### Data provided

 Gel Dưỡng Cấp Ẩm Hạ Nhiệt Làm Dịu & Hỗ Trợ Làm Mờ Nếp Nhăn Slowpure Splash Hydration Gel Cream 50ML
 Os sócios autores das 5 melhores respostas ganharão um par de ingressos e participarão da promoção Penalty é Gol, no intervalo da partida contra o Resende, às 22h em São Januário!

######
### Data provided

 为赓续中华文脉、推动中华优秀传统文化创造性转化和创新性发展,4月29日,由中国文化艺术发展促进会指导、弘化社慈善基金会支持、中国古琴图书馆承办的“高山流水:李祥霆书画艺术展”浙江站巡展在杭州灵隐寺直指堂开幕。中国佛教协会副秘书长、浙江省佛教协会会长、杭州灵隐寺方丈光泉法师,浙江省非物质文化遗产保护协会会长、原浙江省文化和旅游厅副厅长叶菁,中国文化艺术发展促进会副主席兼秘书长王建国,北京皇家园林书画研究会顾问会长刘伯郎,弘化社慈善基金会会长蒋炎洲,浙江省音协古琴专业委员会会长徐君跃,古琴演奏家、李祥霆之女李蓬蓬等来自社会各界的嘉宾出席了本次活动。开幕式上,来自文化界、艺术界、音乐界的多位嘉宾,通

######
### Data provided

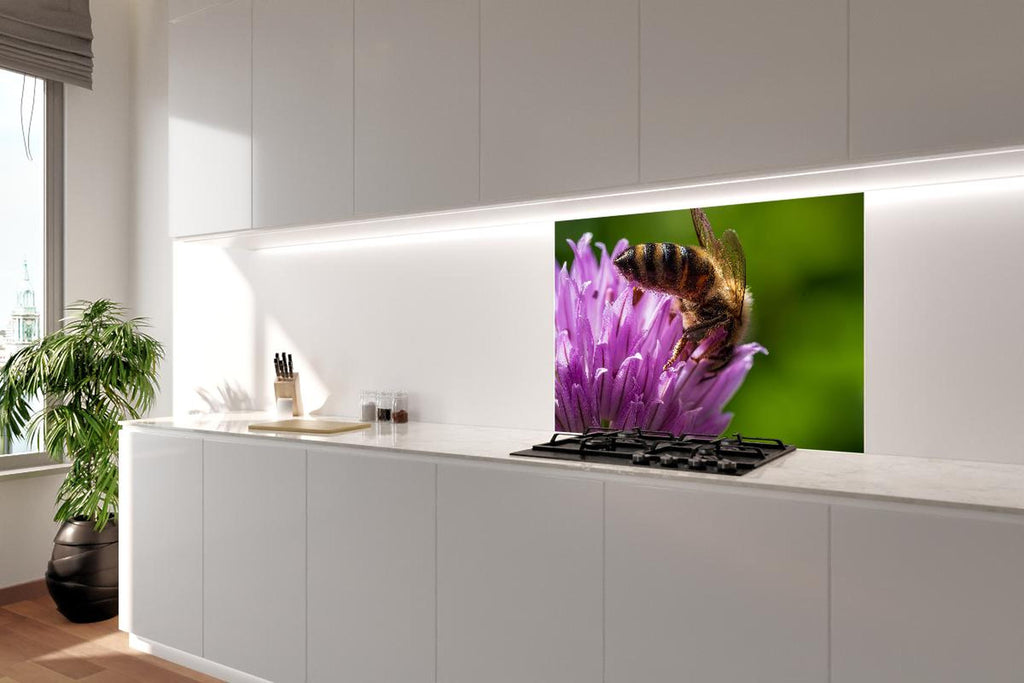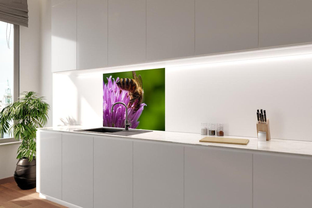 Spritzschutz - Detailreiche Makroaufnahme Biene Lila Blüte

######

Only the lines above from the one with "Gel Dưỡng Cấp" up to and including the one with "Os sócios autores" should be repeated, exactly as written.

- **Result of the exercise**
 Gel Dưỡng Cấp Ẩm Hạ Nhiệt Làm Dịu & Hỗ Trợ Làm Mờ Nếp Nhăn Slowpure Splash Hydration Gel Cream 50ML
 Os sócios autores das 5 melhores respostas ganharão um par de ingressos e participarão da promoção Penalty é Gol, no intervalo da partida contra o Resende, às 22h em São Januário!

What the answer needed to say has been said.